When we look at our online world today, whether by quick scan or in-depth survey, there is little doubt that we have entered the Age of Verification – and Verifiable Credentials will be key players in this new age.
Propelled in large part by the eroding levels of trust in major societal institutions – including government, media, and even NGOs – and made necessary by the increasing amount of time we spend online, the expanding scope of digital transactions in both personal and business realms, and the worrying implications of an AI-generated future, we are moving deeper into an age where in order that we trust anything online – a social media post, an image, a video, a business claim, an email from a ‘contact’ … we have no choice but to somehow, some way, try to verify it.
The age of verification is indeed upon us, evidenced by the increasing presence of messages, tags and ‘trust’ marks announcing that a person, account, or some other thing has been verified; or new digital interaction patterns that force us to verify our very human existence (see: reCAPTCHA, I’m not a robot) in order to access a website.

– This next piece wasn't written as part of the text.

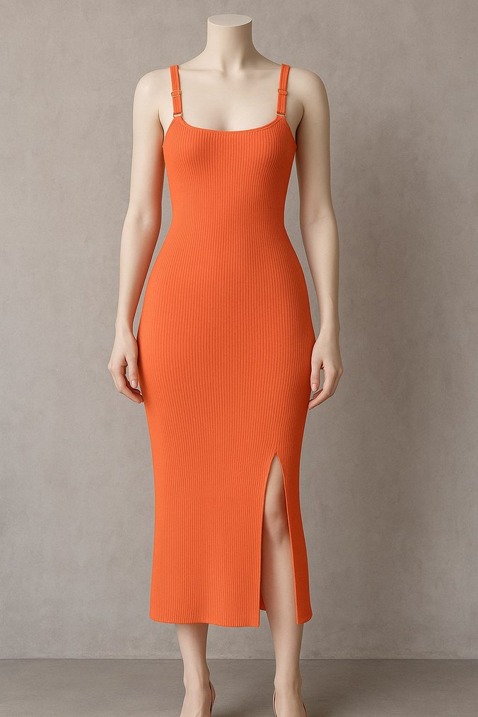 sıfır ürün yazlık uzun yırtmaçlı triko elbise
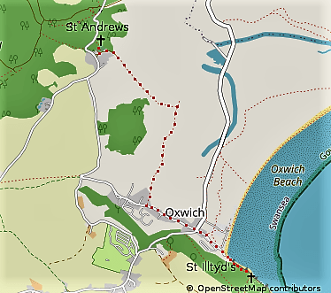- Gan adael mynwent yr eglwys yn Oxwich, dilynwch y llwybr i bentref Oxwich ac ewch yn syth ymlaen wrth y groesffordd.

Today, we have built the notion of verification into almost every digital transaction, and the term verified has become code for ‘trust me’.
There are verified buyers on eBay. Verified artists on Spotify. Verified translations on Google. Verified product reviews. Verified hosts and verified guests on AirB&B.
We repeatedly verify our phone numbers and or our email addresses in order to prove that we are still who we were when we last logged into a website just a few days ago.
And of course you can now get a verified blue checkmark on the app formerly known as Twitter, or a verified badge on LinkedIn.
Verified signatures are beginning to show up on email clients, and even back in the brick and mortar world we see credit card receipts where it is written “PIN verified, signature not required”.
And the list goes on…
This, of course, is a good thing. We have taken an important first step, which is to recognise that we have a problem – a trust problem. Websites, apps and digitally-enabled platforms seem to be lining up to take digital trust seriously, and in one way or another they are addressing these challenges.
But one important nuance merits mentioning, and that is the distinction between past-tense verified and present-tense verifiable.
Past-tense verified solutions address customer concerns and convey a sense of assurance based on the idea that at some point in the past, under some vetting procedure, something has been verified, and therefore, you can now trust it.
However, as end customers and consumers, we generally don’t have a clue as to what’s behind the verification process. How rigorous is it? Is it pay-to-play? And the reassuring words on the website – how true, or trustworthy can they be? How hard can it be to simply write ‘VERIFIED’ on a website?
Many of the VERIFIED claims online today are closer to trustwashing than trustworthy.
Which is why, in this Age of Verification, we are moving towards specific digital interaction patterns that satisfy the desire, the need, or even the mandate, to proactively verify.
We want evidence.
Without the ability to proactively engage in the present-tense verification process, we will have difficulty establishing digital trust.
In other words, rather than relying on solutions that are past-tense verified, we need solutions that are present-tense verifiable. This will become even more important as our digital world moves towards trustless, or zero-trust architecture.
And that’s where VERIFIABLE CREDENTIALS (VCs)come in.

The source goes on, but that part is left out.